12. Canção do fogo-fátuo - Candelas (Suspirando) Ah! (Com ânimo) Tal como o fogo-fátuo, tal e o qual é o querer, Foges dele e persegue-te chama-lo e deita a correr. Tal como o fogo-fátuo, tal e qual é o querer. Nasce nas noites de Agosto, quando aperta o calor. Vai correndo pelos campos em busca de um coração… Tal como o fogo-fátuo, tal e qual é o amor. Malditos os olhos negros que o conseguem ver! Maldito o coração triste que em sua chama quis arder! Tal como o fogo-fátuo! se desvanece o querer! Terminada a canção do fogo-fátuo, avança e diz: - Candelas O fogo-fátuo desapareceu! No luar se desvaneceu! A gruta é minha! Vamos a ver se venço a má sorte com a bruxaria! Aproxima-se resolutamente do recanto dos feitiços, e, apoderando-se da redoma encantada, derrama parte da água sobre o fogo e faz o esconjuro. A música indica a parte cantada e a parte recitada. Desde que ela pega na redoma, vai escurecendo, sugerindo que o luar se põe antes do amanhecer. Depois, ao mesmo tempo que o Cigano aparece, vai surgindo no céu a primeira claridade de alvorada, até que amanhece no fim do quadro.
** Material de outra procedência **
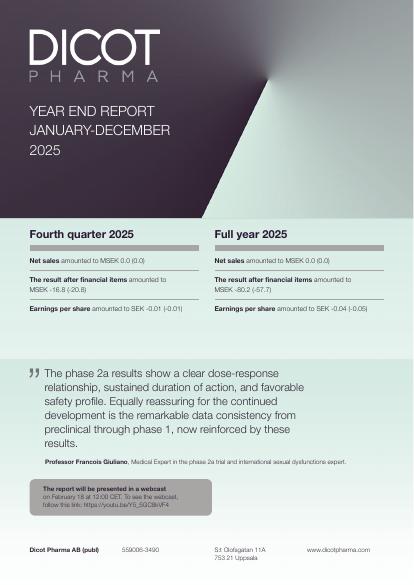 Uppsala, Sweden, February 18, 2026. Dicot Pharma AB publishes its Year-End Report for 2025. The report is available as an attached document and on www.dicotpharma.com. The company will present the report in a webcast on Wednesday February 18 at 12.00 CET, a broadcast that may also be viewed afterwards.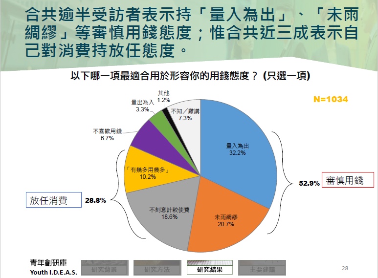 不過,他們的理財觀念仍有不足之處。合共近三成表示自己持「不刻意計較使費」(18.6%)或「有幾多用幾多」(10.2%)等放任消費態度;亦有受訪專家指部分青年或抱「今朝有酒今朝醉」的心態,缺乏理財動機。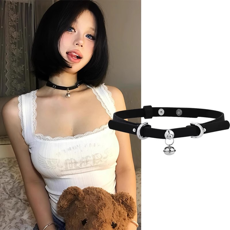 초커 바이노럴 작은 벨 PU 가죽 칼라 유행 쇄골 체인 목 벨트 크리스마스 성격 유행 목 체인 올매치스토어 가기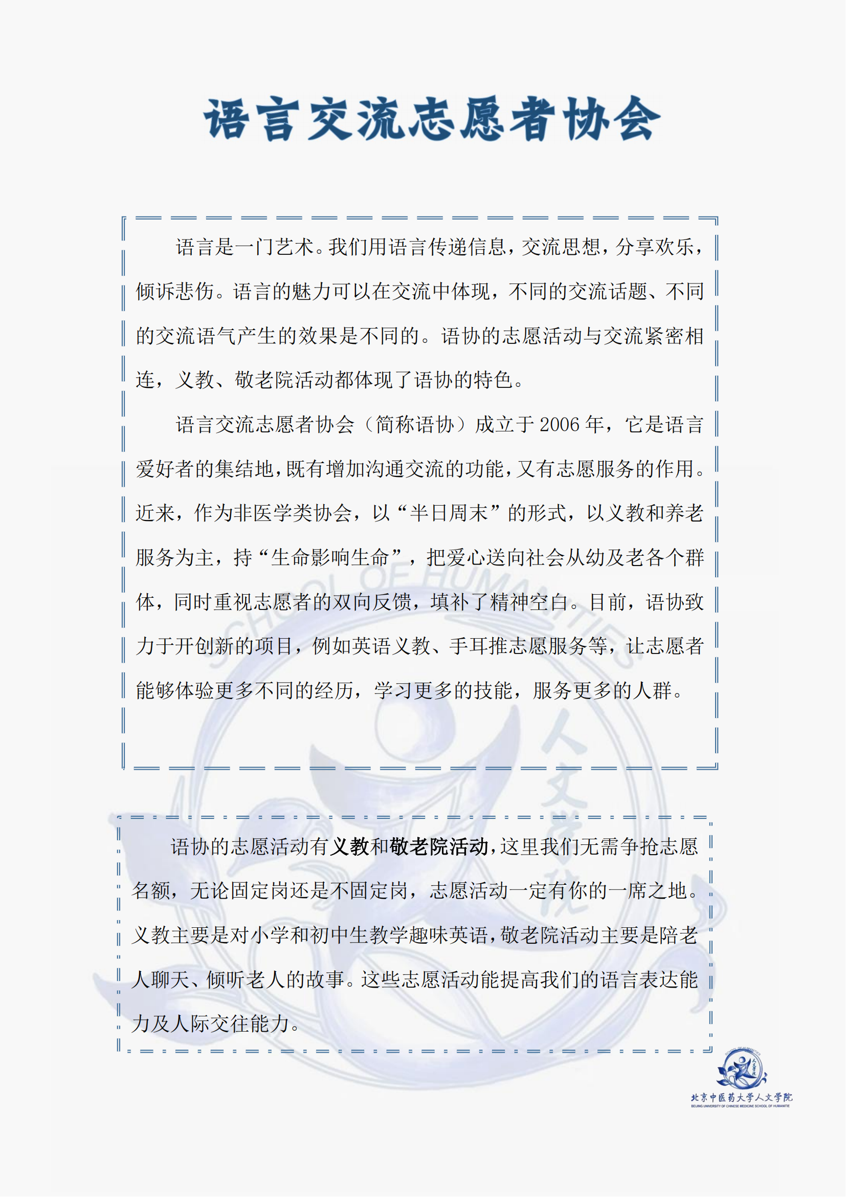 语言交流志愿者协会介绍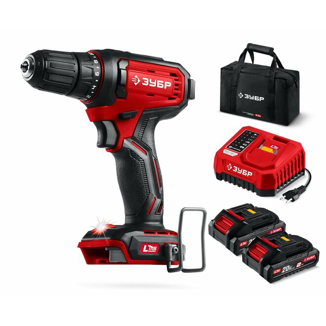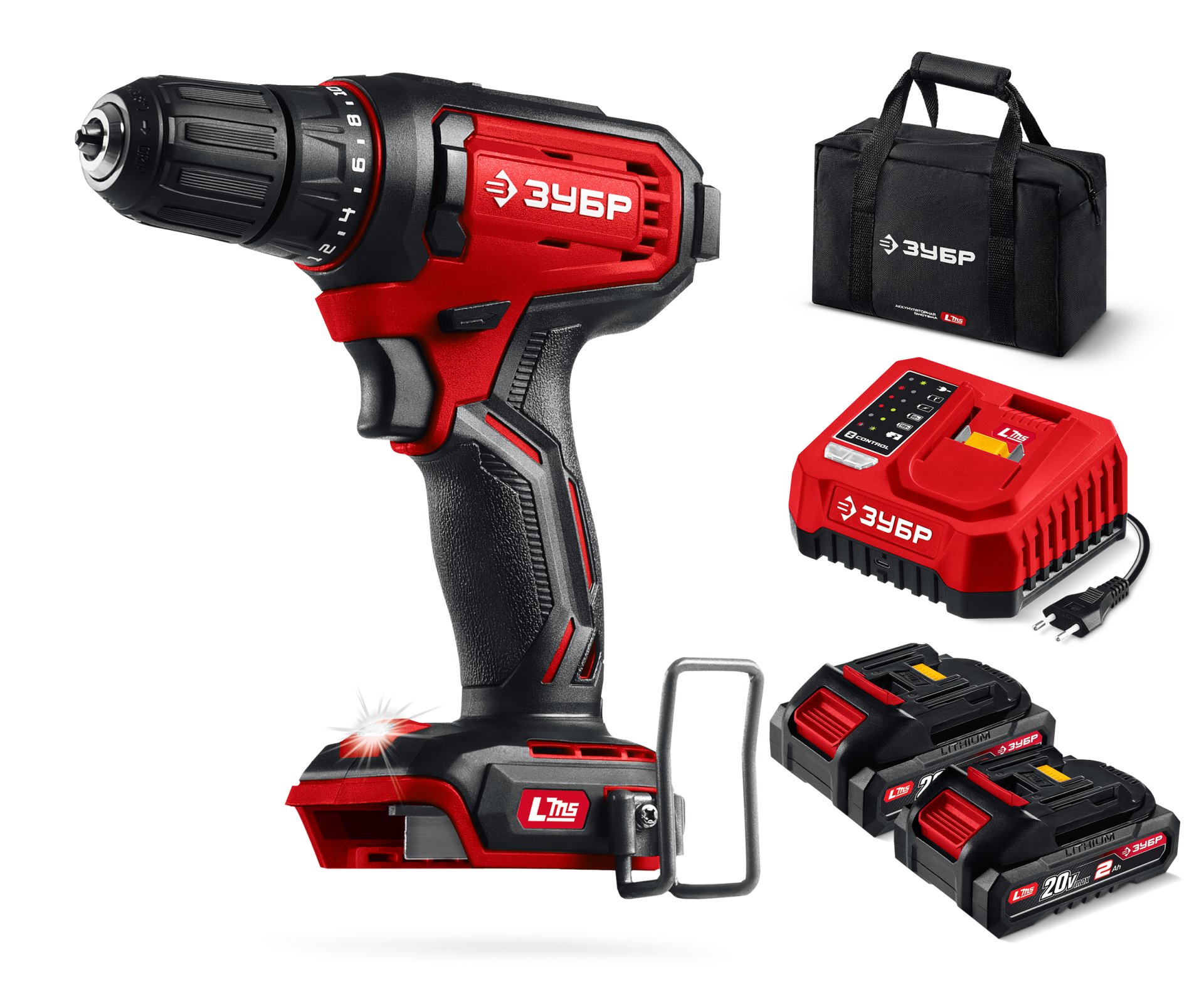 Принадлежности для ЗУБР 20 В, 40 Н·м, 2 АКБ LMS (2 А·ч), дрель-шуруповерт, сумка (ДШ-40-22):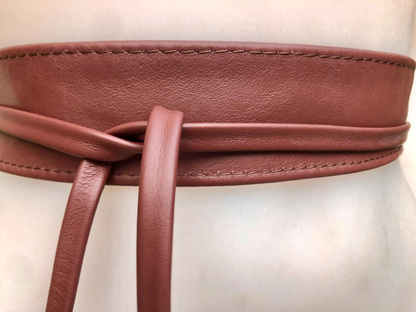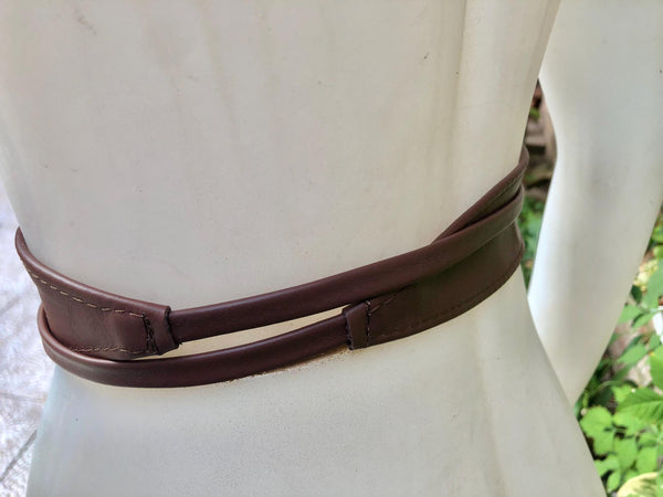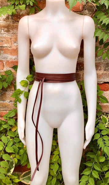 Obi belt in soft leather. Narrow style. Wrap belt in BROWN. Maroon brown wraparound waist belt in genuine leather. Boho brown dress belt.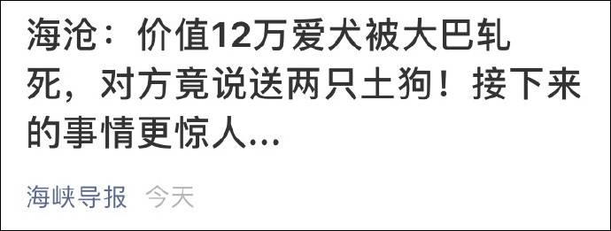 這件事情,事主楊先生陪自己的愛犬跑步,沒有栓繩;愛犬被車撞死了,就打算向司機索賠12萬。這顯然是有點獅子大開口了,結果……這家媒體在不採訪大巴司機的情況下完全偏向狗主人,一昧地譴責司機?什麼邏輯!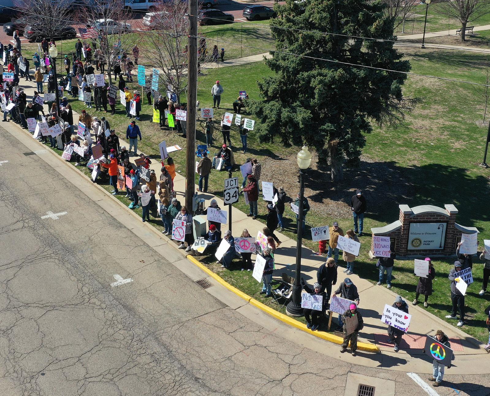TOP LEFT: Protesters gather for a No Kings rally on Saturday at Rotary Park in Princeton. TOP RIGHT: An aerial view of hundreds of protesters gathering for a No Kings rally on Saturday at Rotary Park in Princeton.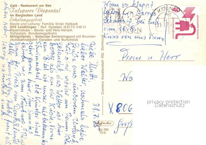 72917212 alte Postkarte Leichlingen Rheinland Cafe Restaurant Talsperre Diepental postalisch gelaufen Erhaltung siehe scans [KathaD81] KatCode: 11110005378016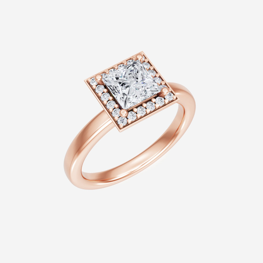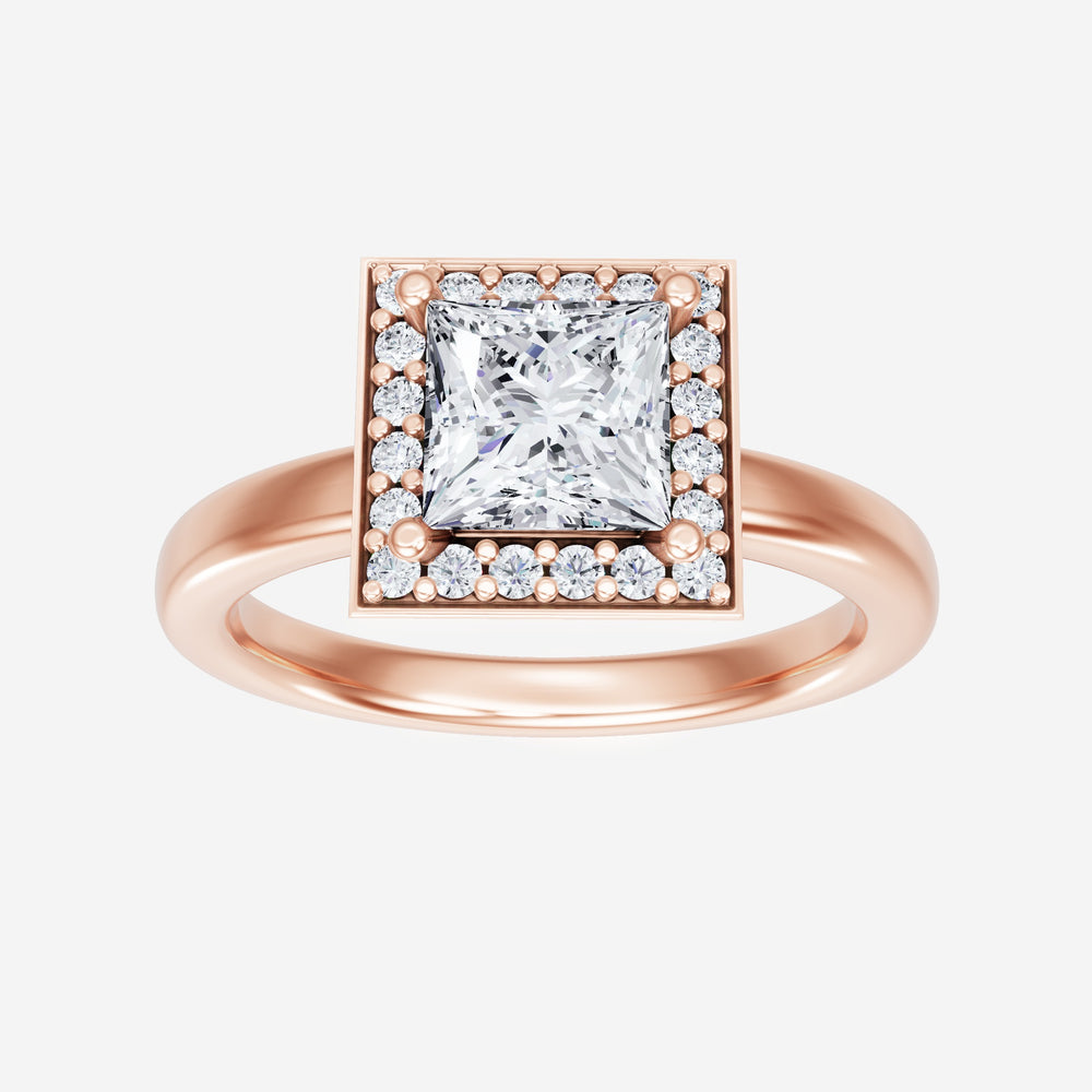 You’ve designed a ring that reflects lasting elegance and grace! Crafted from 18k Rose Gold, this exquisite Princess lab-grown diamond is the centerpiece of this unique design. This Basic Plain Shank with a Pave Halo head showcases the brilliance of the Princess diamond, creating a timeless look. Ideal for those who seek both beauty and meaning, this ring will stand as a testament to cherished memories.

13. Esconjuro para reconquistar o amor perdido - Candelas (Sussurrando) Por Satanás! Por Barrabás! Quero que o homem que me esqueceu me venha buscar! Cabeça de touro, olhos de leão!... O meu amor está longe…que escute a minha voz! (Com ansiedade) Que venha, que venha! Por Satanás, por Barrabás!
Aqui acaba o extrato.